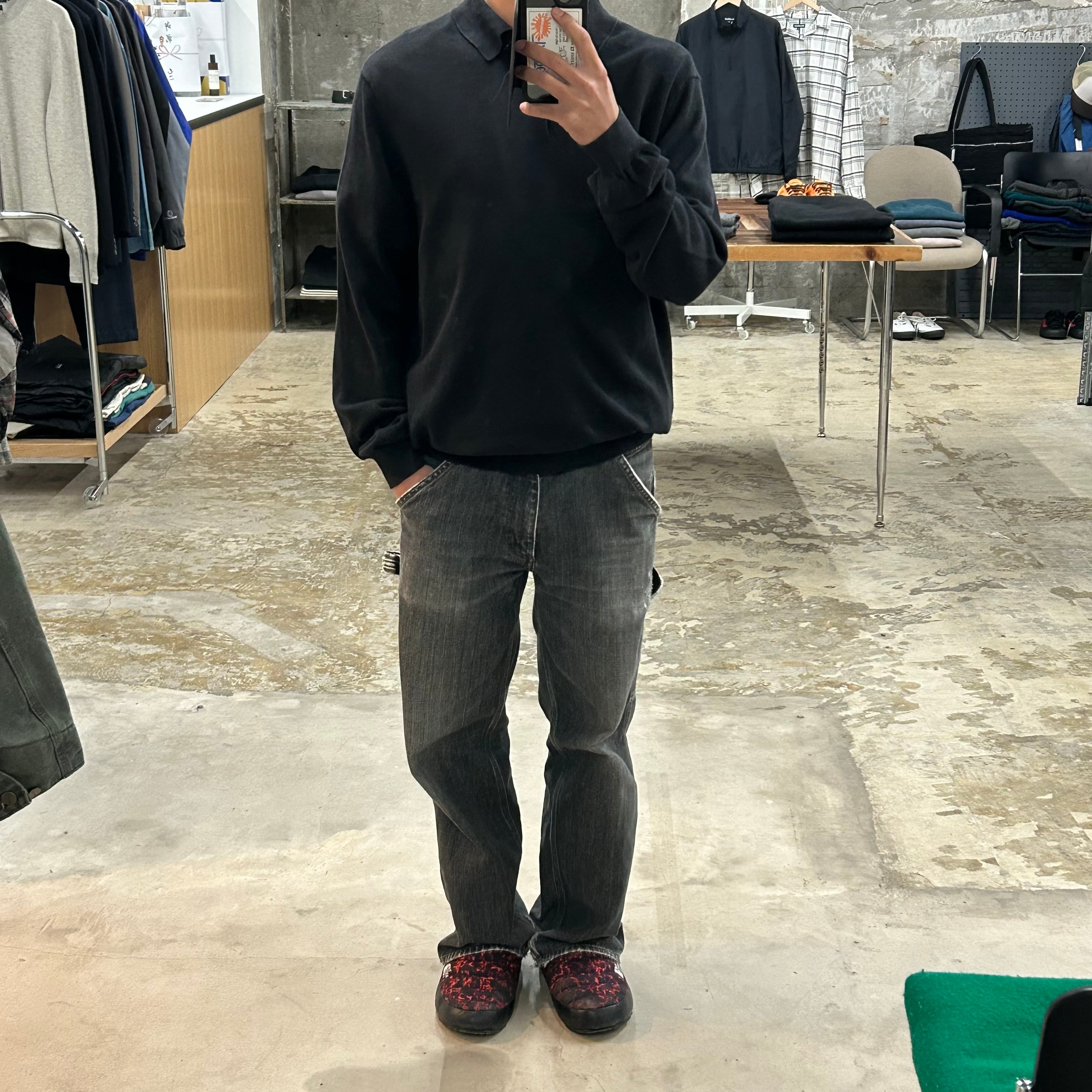 •SIZE L 肩幅 49cm 袖丈 69cm 身幅 60cm 着丈 69cm •MATERIAL Silk70% Cotton30% •COLOR ブラック •CONDITION 使用感はございますが、目立った傷や汚れ等はございません。 168cm着用 f816
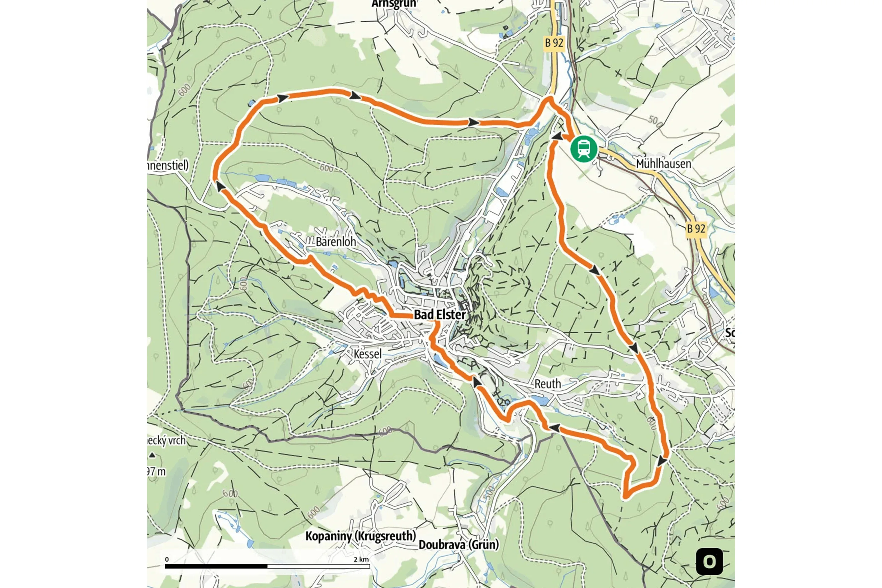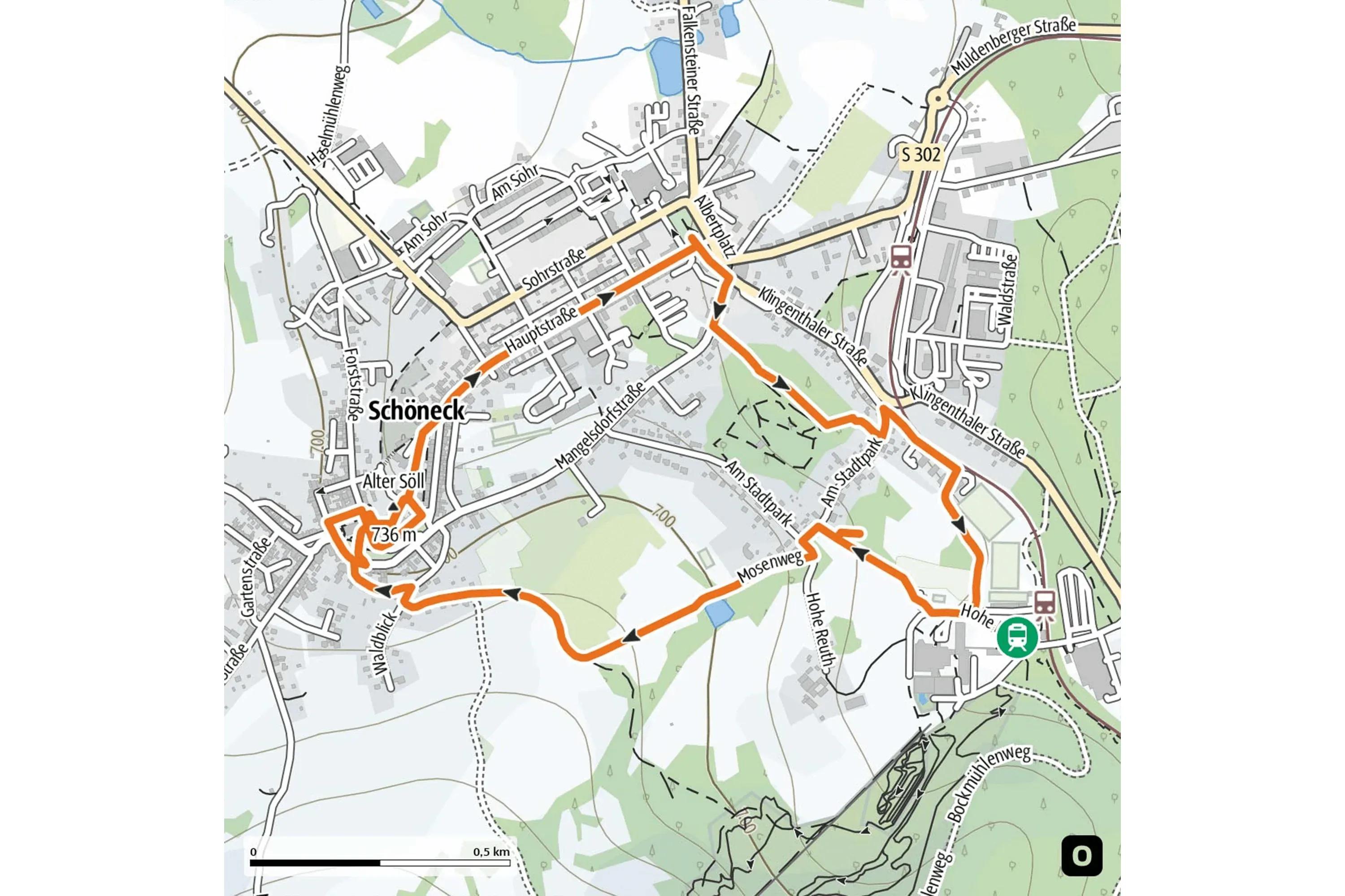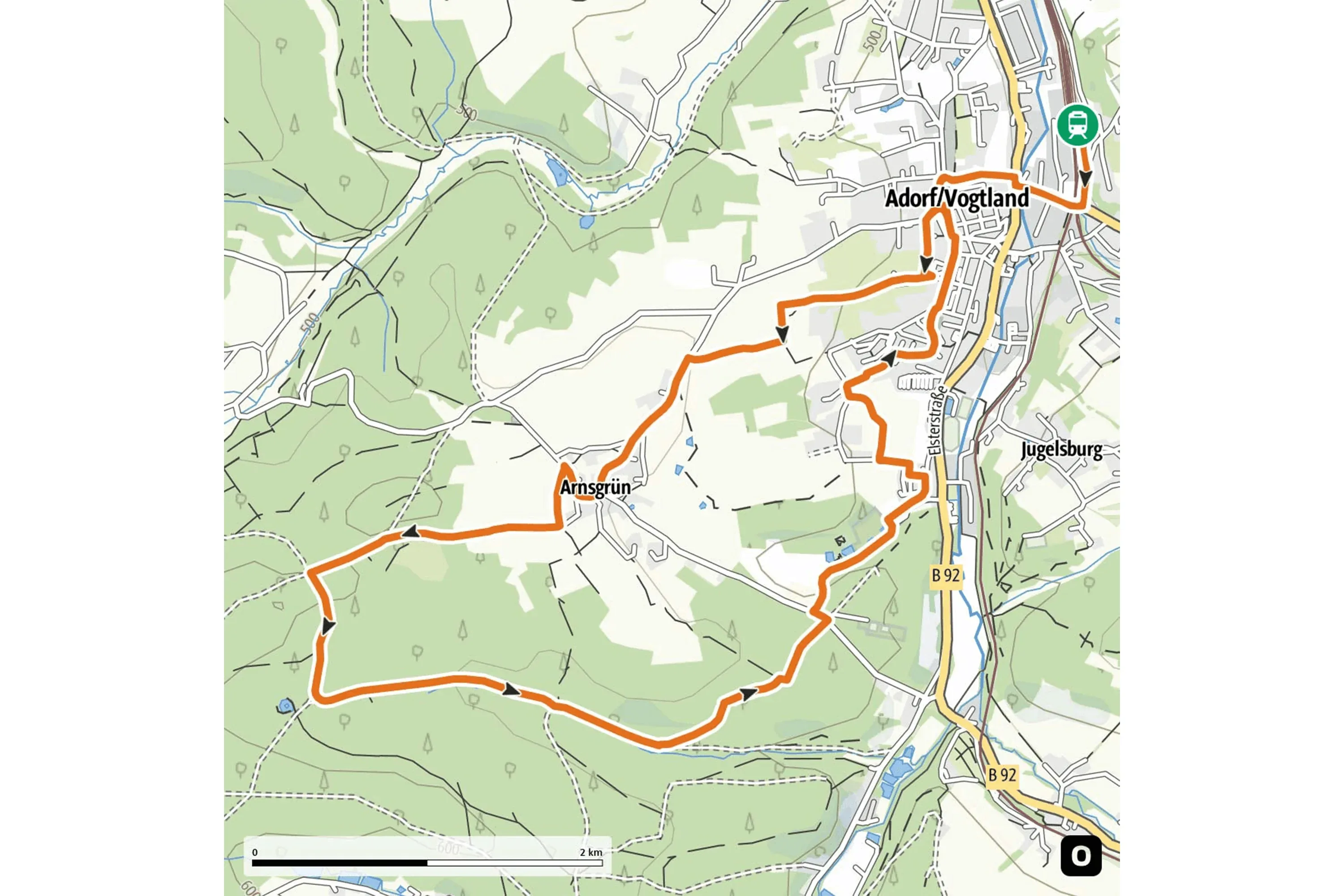 Die Wanderung beginnt am Bahnhof Adorf und führt über das historische Stadtzentrum und Arnsgrün in das Naturschutzgebiet Zeidelweide. Vorbei am „Klein Vogtland" und dem botanischen Garten geht es zurück zum Bahnhof.
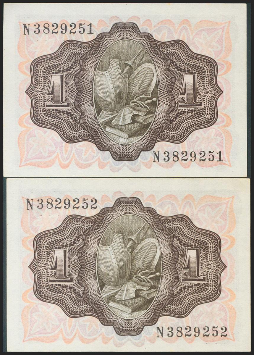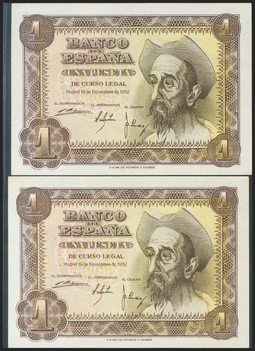 1 Peseta. 19 de Noviembre de 1951. Pareja correlativa. Serie N. (Edifil 2021: 461a). Conserva todo su apresto original. SC/SC-.
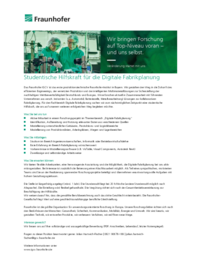 Das Fraunhofer IGCV ist das erste produktionstechnische Fraunhofer-Institut in Bayern. Wir gestalten den Weg in die Zukunft des effizienten Engineerings, der vernetzten Produktion und der intelligenten Multimateriallösungen zur Sicherstellung der nachhaltigen Wettbewerbsfähigkeit Deutschlands und Europas. Wir erforschen aktuell in Zusammenarbeit mit führenden Unternehmen aus versch. Industrien (u.a. Automobil, Batteriezelle, Metallverarbeitung) Lösungen zur kollaborativen Fabrikplanung. Für den Fachbereich Digitale Fabrikplanung suchen wir zum nächstmöglichen Zeitpunkt eine studentische Hilfskraft, die uns auf unserem weiteren erfolgreichen Weg begleiten möchte.
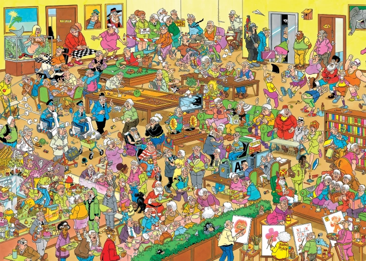 Ontdek grap na grap in de originele illustratie “Verpleeghuis” van Jan van Haasteren, exclusief gemaakt voor het merk JUMBO. De typische stijl vol humor, talloze personages en onverwachte situaties zuigt je erin en laat je niet meer los.
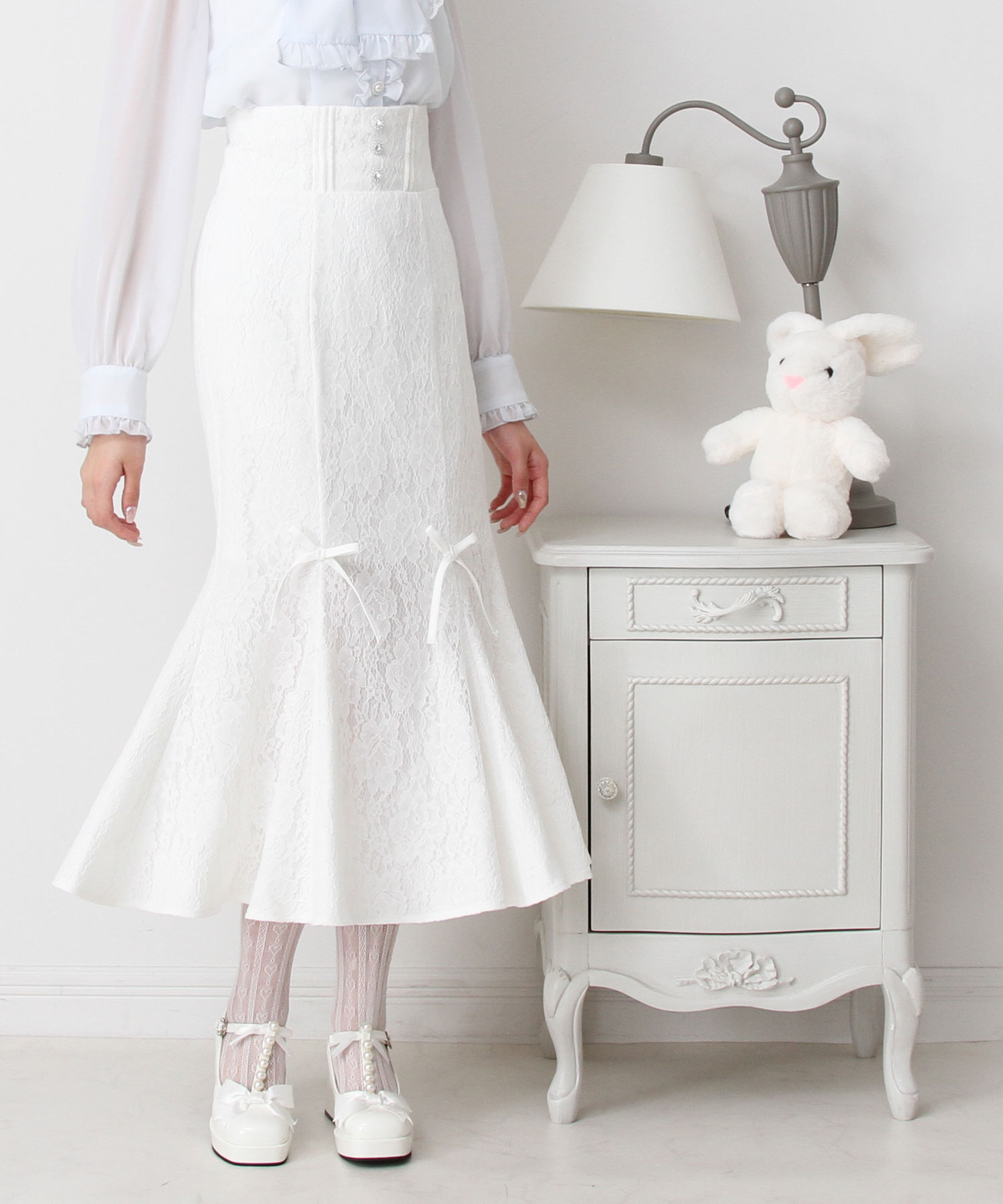 キラキラと輝く上品なハイウエストデザインマーメイドスカートが登場【デザイン】DearMyLoveから上品でかわいいマーメイドスカートが登場しました。スタイルよく見えるシルエット感にこだわりました。デザインはレース重ねデザイン、合わせやすい無地ブラック、千鳥生地の3種類×5カラーから選べます。ハイウエストデザインで中心にはキラキラと輝くパールビジューボタンがついています。後ろ部分はレースアアップデザインでウエスト部分をお好みで調整ができます。前から見えても後ろから見てもかわいく大人なデザインのマーメイドスカートに一目惚れの予感♪【素材】レース重ねの生地、無地生地、千鳥生地の3種類からお選び頂けます。本体裏地付きです。【コーディネート】上品なボウタイブラウスと相性ぴったりなマーメイドスカートです。大人っぽい雰囲気に変身し、パンプスやミュールサンダルとの相性ばっちりです。スカートはお好みのデザインをお選びください。《透け感》なし 《生地の厚さ》普通 《裏地》あり 《伸縮性》なし《生産国》中国
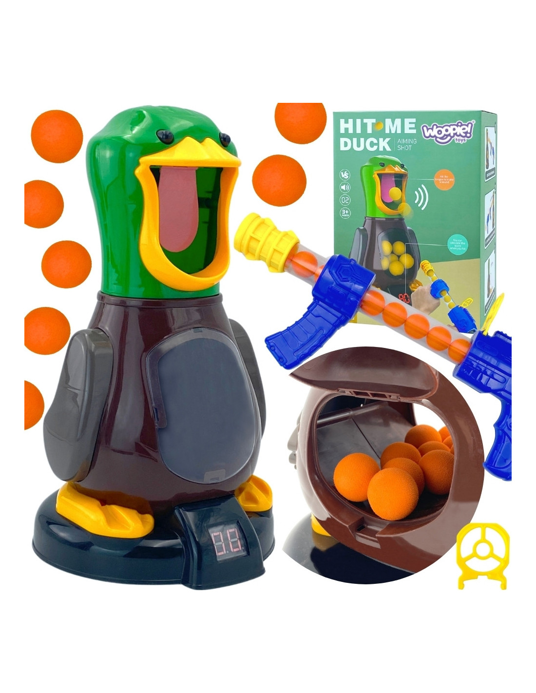 Take your child to the magical world of arcade games with the " Hungry Duck " toy! This dynamic arcade game from the WOOPIE brand will bring a lot of joy to both children and adults. This set is a great way to develop concentration, accuracy, and motor coordination. The goal of the game is to shoot balls into the hole in the duck's beak . Using a special gun, the player must aim precisely and hit the ball into the duck. For each hit, the duck counts points, which are displayed on the screen at its base. The game can be played solo or in a competitive mode , where players compare their scores.
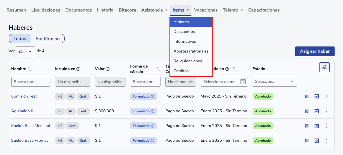 - Elige el tipo de ítem que deseas asignar (Haberes, Descuentos, informativos, etc), desde el menú desplegable
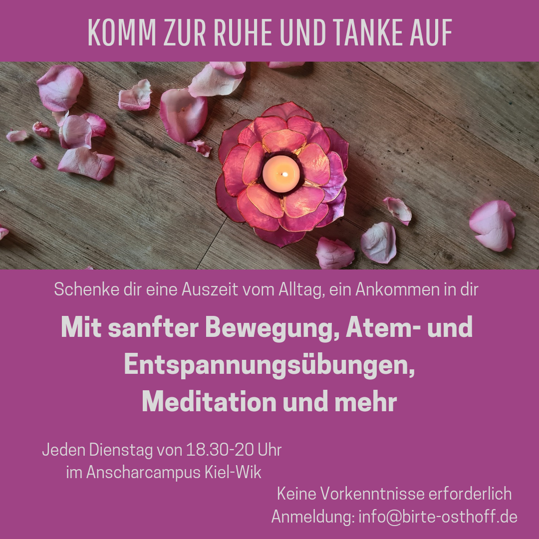 Birte Osthoff lädt dafür im Herbst in den Anscharcampus in eine offene Gruppe ein – egal ob Anfänger:in oder mit Erfahrung: alle sind willkommen. Es erwarten die Teilnehmenden Atem- und Entspannungsübungen, verschiedene geführte Meditationen, sanftes Yoga und Tipps für die Integration von Entspannung in den Alltag.
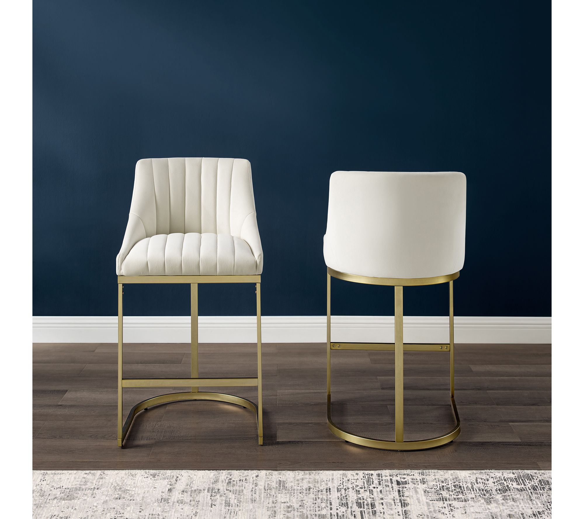Add a touch of elegance to your kitchen or dining area with the Crosley Esme 2-Piece Counter Height Bar Stool Set. Creme fabric seats with channel tufting create a cozy, refined look, while sturdy metal bases provide a sleek contrast. From Crosley.
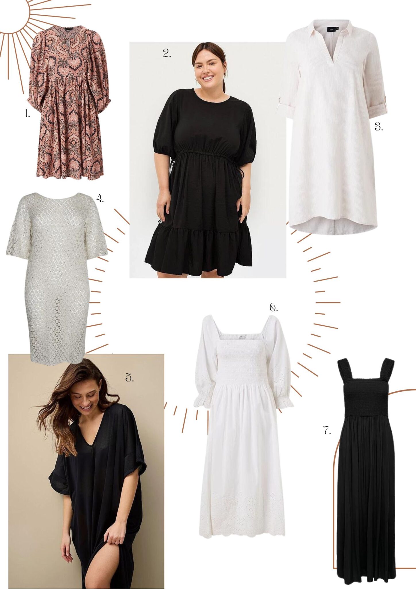 1. Fiona mekko* / 2. Vanja mekko* /3. Zizzi paitamekko* / 4. Cleilani mekko* / 5. Rantamekko Nyla* / 6. Mekko Alicia* / 7. Maximekko*

Exercise directions:
Output the listing above in full, exactly. No images.

Solution for this exercise:
 •SIZE L 肩幅 49cm 袖丈 69cm 身幅 60cm 着丈 69cm •MATERIAL Silk70% Cotton30% •COLOR ブラック •CONDITION 使用感はございますが、目立った傷や汚れ等はございません。 168cm着用 f816
 Die Wanderung beginnt am Bahnhof Adorf und führt über das historische Stadtzentrum und Arnsgrün in das Naturschutzgebiet Zeidelweide. Vorbei am „Klein Vogtland" und dem botanischen Garten geht es zurück zum Bahnhof.
 1 Peseta. 19 de Noviembre de 1951. Pareja correlativa. Serie N. (Edifil 2021: 461a). Conserva todo su apresto original. SC/SC-.
 Das Fraunhofer IGCV ist das erste produktionstechnische Fraunhofer-Institut in Bayern. Wir gestalten den Weg in die Zukunft des effizienten Engineerings, der vernetzten Produktion und der intelligenten Multimateriallösungen zur Sicherstellung der nachhaltigen Wettbewerbsfähigkeit Deutschlands und Europas. Wir erforschen aktuell in Zusammenarbeit mit führenden Unternehmen aus versch. Industrien (u.a. Automobil, Batteriezelle, Metallverarbeitung) Lösungen zur kollaborativen Fabrikplanung. Für den Fachbereich Digitale Fabrikplanung suchen wir zum nächstmöglichen Zeitpunkt eine studentische Hilfskraft, die uns auf unserem weiteren erfolgreichen Weg begleiten möchte.
 Ontdek grap na grap in de originele illustratie “Verpleeghuis” van Jan van Haasteren, exclusief gemaakt voor het merk JUMBO. De typische stijl vol humor, talloze personages en onverwachte situaties zuigt je erin en laat je niet meer los.
 キラキラと輝く上品なハイウエストデザインマーメイドスカートが登場【デザイン】DearMyLoveから上品でかわいいマーメイドスカートが登場しました。スタイルよく見えるシルエット感にこだわりました。デザインはレース重ねデザイン、合わせやすい無地ブラック、千鳥生地の3種類×5カラーから選べます。ハイウエストデザインで中心にはキラキラと輝くパールビジューボタンがついています。後ろ部分はレースアアップデザインでウエスト部分をお好みで調整ができます。前から見えても後ろから見てもかわいく大人なデザインのマーメイドスカートに一目惚れの予感♪【素材】レース重ねの生地、無地生地、千鳥生地の3種類からお選び頂けます。本体裏地付きです。【コーディネート】上品なボウタイブラウスと相性ぴったりなマーメイドスカートです。大人っぽい雰囲気に変身し、パンプスやミュールサンダルとの相性ばっちりです。スカートはお好みのデザインをお選びください。《透け感》なし 《生地の厚さ》普通 《裏地》あり 《伸縮性》なし《生産国》中国
 Take your child to the magical world of arcade games with the " Hungry Duck " toy! This dynamic arcade game from the WOOPIE brand will bring a lot of joy to both children and adults. This set is a great way to develop concentration, accuracy, and motor coordination. The goal of the game is to shoot balls into the hole in the duck's beak . Using a special gun, the player must aim precisely and hit the ball into the duck. For each hit, the duck counts points, which are displayed on the screen at its base. The game can be played solo or in a competitive mode , where players compare their scores.
 - Elige el tipo de ítem que deseas asignar (Haberes, Descuentos, informativos, etc), desde el menú desplegable
 Birte Osthoff lädt dafür im Herbst in den Anscharcampus in eine offene Gruppe ein – egal ob Anfänger:in oder mit Erfahrung: alle sind willkommen. Es erwarten die Teilnehmenden Atem- und Entspannungsübungen, verschiedene geführte Meditationen, sanftes Yoga und Tipps für die Integration von Entspannung in den Alltag.
Add a touch of elegance to your kitchen or dining area with the Crosley Esme 2-Piece Counter Height Bar Stool Set. Creme fabric seats with channel tufting create a cozy, refined look, while sturdy metal bases provide a sleek contrast. From Crosley.
 1. Fiona mekko* / 2. Vanja mekko* /3. Zizzi paitamekko* / 4. Cleilani mekko* / 5. Rantamekko Nyla* / 6. Mekko Alicia* / 7. Maximekko*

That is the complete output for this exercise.